= Vaccine therapy =

Type of medical treatment

Vaccine therapy is a type of treatment that uses a substance or group of substances to stimulate the immune system to destroy a tumor or infectious microorganisms such as bacteria or viruses.

==Cancer vaccines==
Cancer is a group of fatal diseases that involves abnormal cell growth that can invade or spread to other parts of the body. They are usually caused by the accumulation of mutations in genes that regulate cell growth and differentiation. Majority of cancer, about 90-95%, are due to genetic mutations from environmental and lifestyle factors – including age, chemicals, diet, exercise, viruses, and radiation. The remaining 5-10% are due to inherited genetics. Some of the cancers may be difficult to treat by conventional means such as surgery, radiation, and chemotherapy, but may be controlled by the stimulation of the immune response of the body with the help of cancer vaccines.

1. Preventive or prophylactic vaccines
2. Treatment or therapeutic vaccines
These vaccines are intended to treat existing cancer by stimulating the patient’s immune system.

Cancer vaccines can also divided into specific or universal cancer vaccine based on the types of cancer it is used for. Specific cancer vaccines are only used to treat a particular type of cancer while universal vaccine can be used to treat different types of cancer.

===Protein/peptide-based vaccines===
- Tumor-associated antigens

Vaccines of this kind use specific tumor antigens, which are usually proteins or peptides, to stimulate immune system against either tumor specific antigens (TSAs) or tumor associated antigens (TAAs). This vaccine helps stimulate the patient's immune system to increase production of antibodies or killer T cells.

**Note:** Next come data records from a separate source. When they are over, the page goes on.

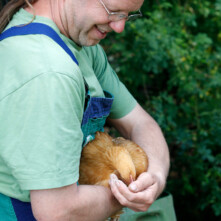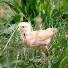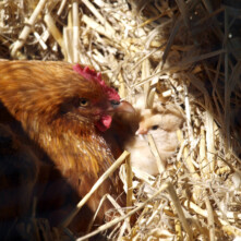 Auf der Baustelle mussten sie gegen Mittag den Transporter noch einmal umparken und kurz darauf holte Duncan Jonas, um ihm etwas zu zeigen: unter dem Transporter pickte unser gelber Italienerhahn, Caruso, nach Fressbarem!!! Hört sich an wie Gärtner- oder Hühnerlatein- ist aber wahr! Caruso muss ca. 20 Std. auf dem Reserverad unter der Ladefläche gehockt haben, bei -6°Grad in der Nacht und bei 90 km/h auf der Autobahn um dann völlig unbeeindruckt auf den Boden zu hüpfen.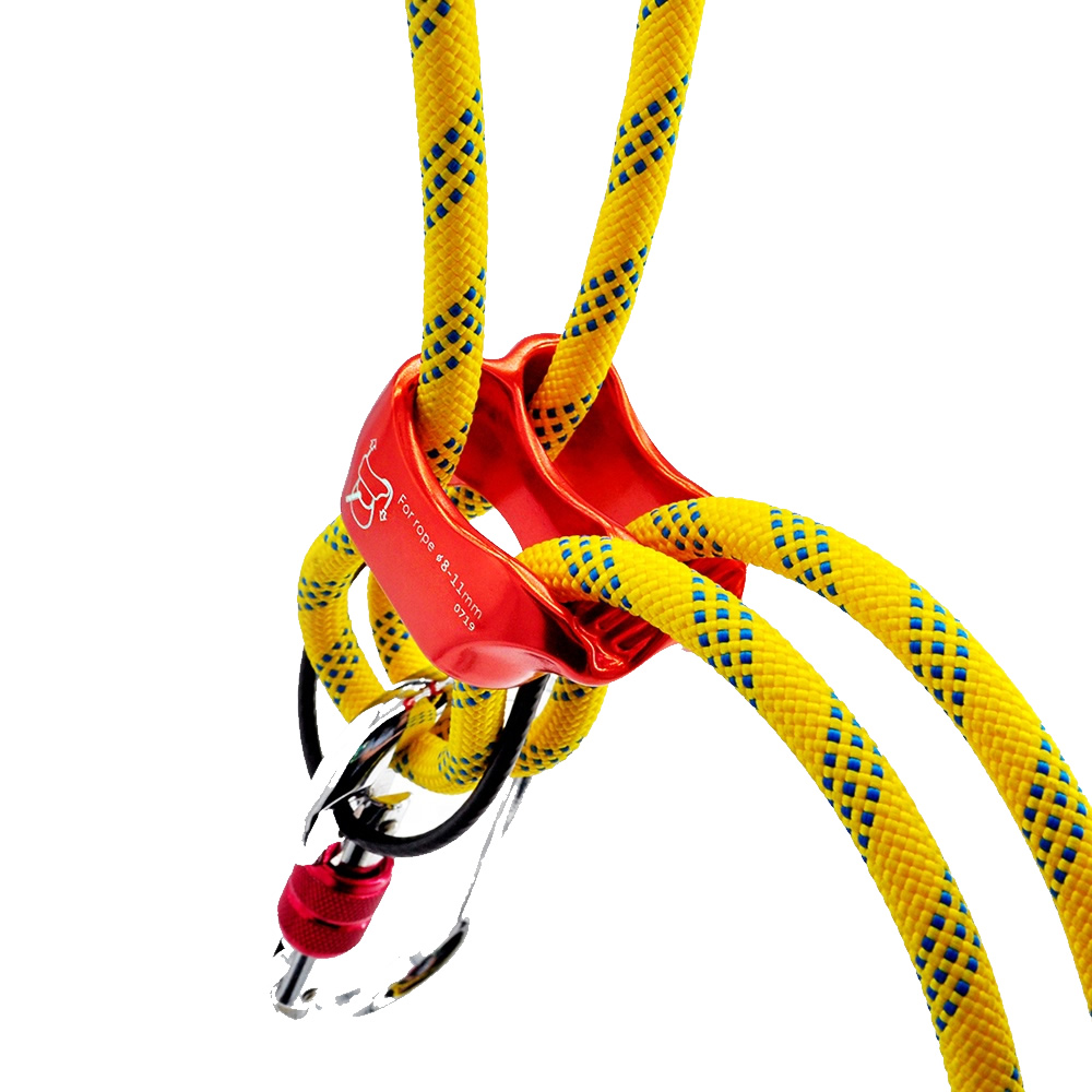 多功能下降、保護(hù)器,鋁合金材質(zhì)。可用于多段攀登中的領(lǐng)攀及跟攀保護(hù)和下降操作,創(chuàng)新設(shè)計(jì)適用于從7.6mm的雙繩到11mm的單繩。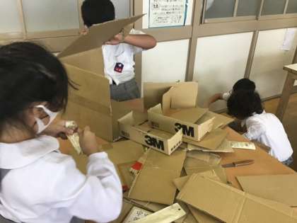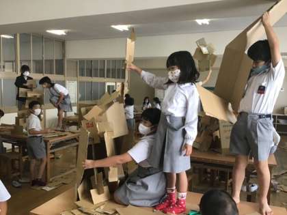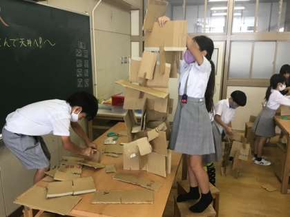 組んで組んで,どんどんつなげていく造形遊びをしました。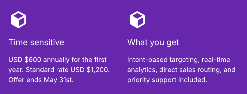 Early adopters lock in USD $600 for the first year if they register before the end of May. Standard rate is USD $1,200 annually. Billing begins once your pilot campaign launches.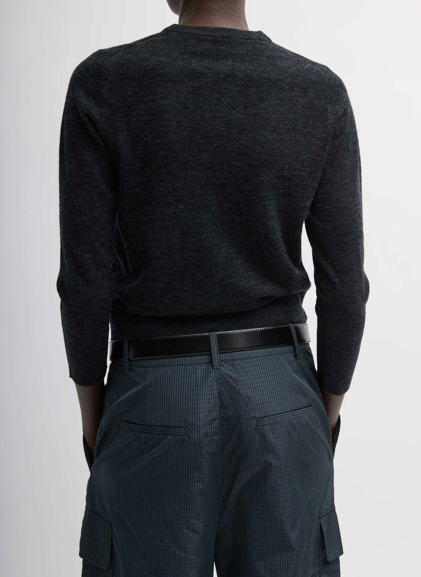 This assortment serves as your WOFs (Without Fails) and are designed to create space in your wardrobe for creativity and experimentation. No matter how extreme your closet may become, these pieces serve as the grounding element that ties everything together. A new V-neck version of a tenured Fundamental, this shrunken-fit sweater is crafted from our skinlike mercerized wool—smooth, breathable, and warm without weight. Style solo or layer under the matching cardigan for a streamlined, tonal set. Now available in Navy, Charcoal, and Ring 4 Red.
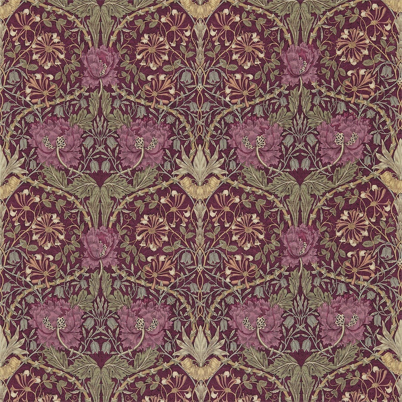 Description: A red and green floral pattern with leaves and flowers on a red background with a gold border and a gold border.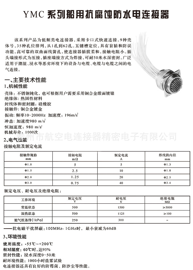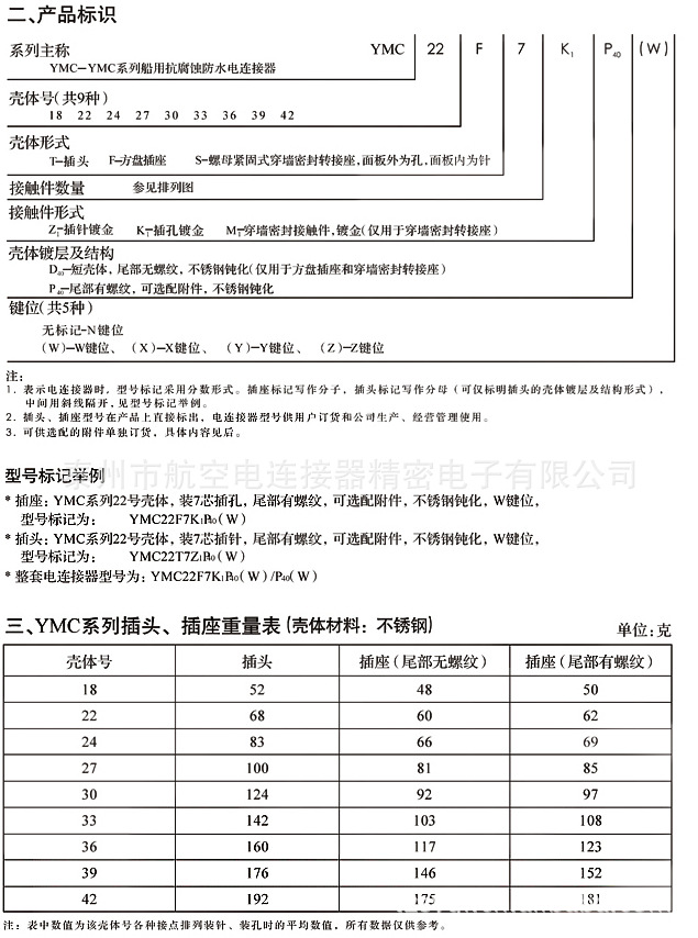 YMC22F7KP40/P40不锈钢航空插头,适用于湿热,浸水等恶劣环境,可耐50米水深密封,耐1000小时盐雾试验;卡口式快速连接,插头为压接,插座为焊接。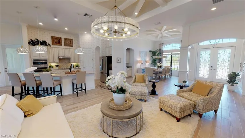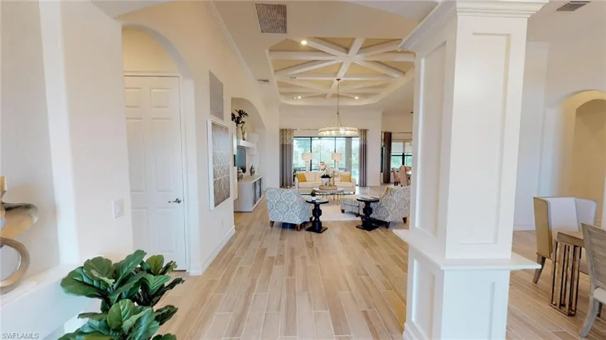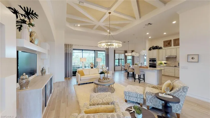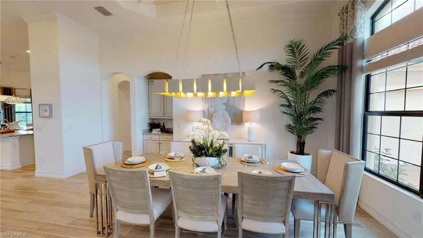 complemented by a bundled social membership in Ave Maria, FL. As a golfer’s paradise, the community features a 18-hole golf course, a state-of-the-art clubhouse and other luxury amenities for residents to enjoy. This luxe single- story home features a formal dining room off the foyer, followed by an open Great Room with elegant tray ceilings and glass sliders to the oversized covered lanai. In addition to the sprawling owner’s suite, there are two secondary bedrooms and a versatile den. For extra charm, there are tall, arched entryways that decorate the home. Prices and features may vary and are subject to change. Photos are for illustrative purposes only. Estimated delivery date is Feb/Mar 2025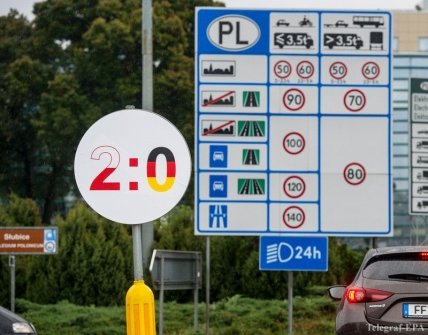 На фоне того, что немцы чемпионы мира победа полякам далась в неимоверной эйфории. Поляки до сих пор не могут отойти от этой радости. Вот на днях на польских дорогах появились такие вот наклейки на дорожных знаках.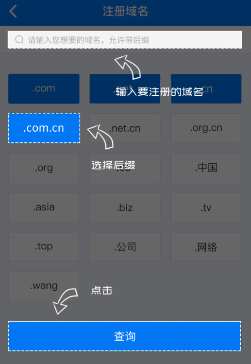 2、进入域名注册界面,输入要注册的域名,选择后缀,完成后点击“查询”。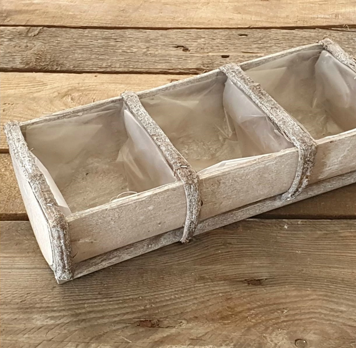 Természetes fa kaspó,bélelve. Három részes.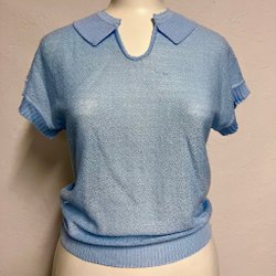 En ljust gul sidenblus med fantastisk glans, trekvartsärmar och bröstfickor med lock. Den är rundringad utan krage vilket ger den ett mer nedklätt intryck, mer som en tröja, samtidigt som materialet och fallet ger den ett välklätt uttryck.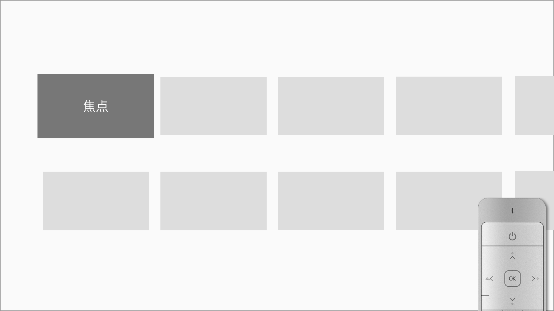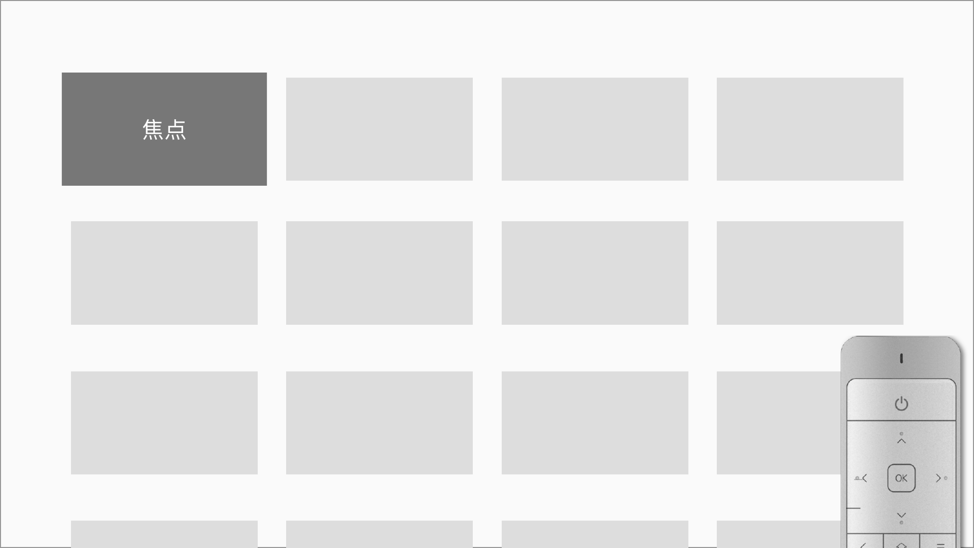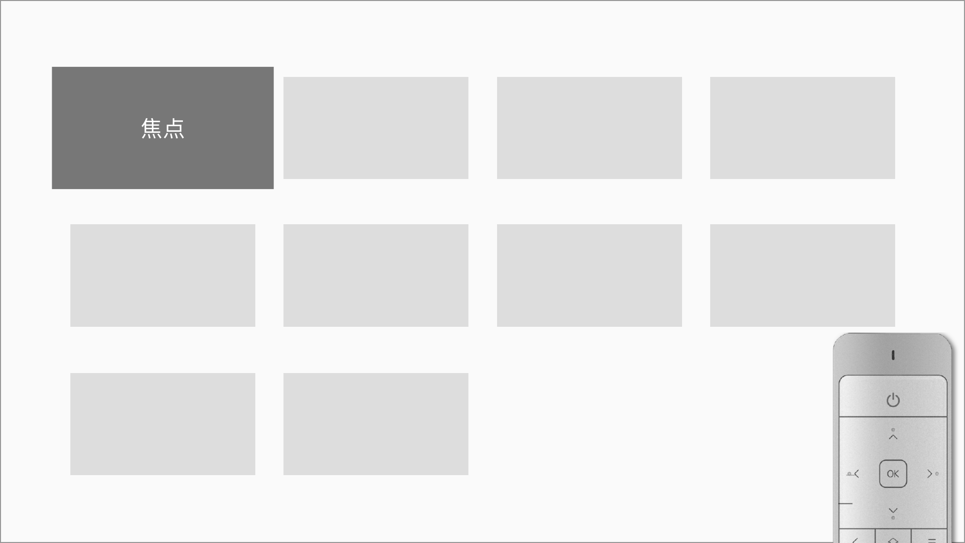 由于焦点的移动依赖遥控器「方向键」的来操作,所以焦点移动需遵循“十”字运动规则,且焦点的运动方向需和用户预期方向一致,如按【左】则焦点向左移动,按【右】则焦点向右移动,按【上】则焦点向上移动,按【下】则焦点向下移动。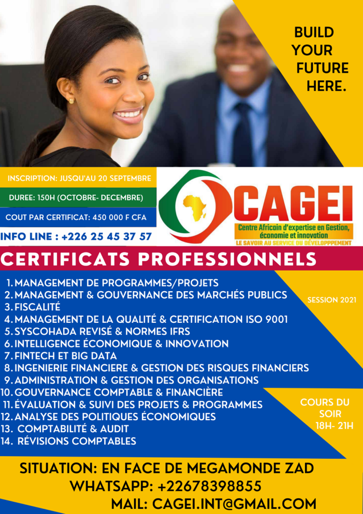 Le Centre Africain d’Expertise en Gestion, Économie et Innovation (CAGEI) informe le public de l’ouverture, pour le compte de la dernière session 2021, des inscriptions pour le recrutement des certificats de qualification professionnelle en Intelligence Économique & Innovation (IEI).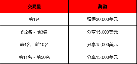 新用戶在活動時間內註冊並交易量不低於200美元,就可以贏得50,000美元獎池的份額。這個活動是先到先得的,所以不要錯過!

===Dendritic cell vaccines===
Dendritic cells (DCs) are considered the most potent APC (antigen presenting cell) of the immune system. DC cells have a unique ability to stimulate naïve T cells and can be used to induce of antigen-specific immune response. Several DC-based cancer vaccines have been developed including DC loaded with, tumor peptides or whole proteins, with tumor-derived mRNA or DNA., DC transduced with viral vectors such as retroviruses, lentiviruses adenoviruses, fowl pox and alphaviruses containing the tumor antigen or gene of interest, whole necrotic or apoptotic tumor cells, tumor cell lysates and DC-fused with tumor cells.

===Whole tumor cell vaccines===
An advantage to using tumor cell vaccines is that this type of vaccine is polyepitope, which means it can present an entire spectrum of TAAs to a patient’s immune system.
- Autologous tumor cell vaccines

These vaccines are made from antigens taken from the patient’s own cancer cells. Autologous vaccines have been used to treat lung cancer, colorectal cancer, melanoma, renal cell cancer, and prostate cancer.
- Allogenic tumor cell vaccines

These vaccines are made from antigens taken from individuals other than the patient, usually from cancer cell lines.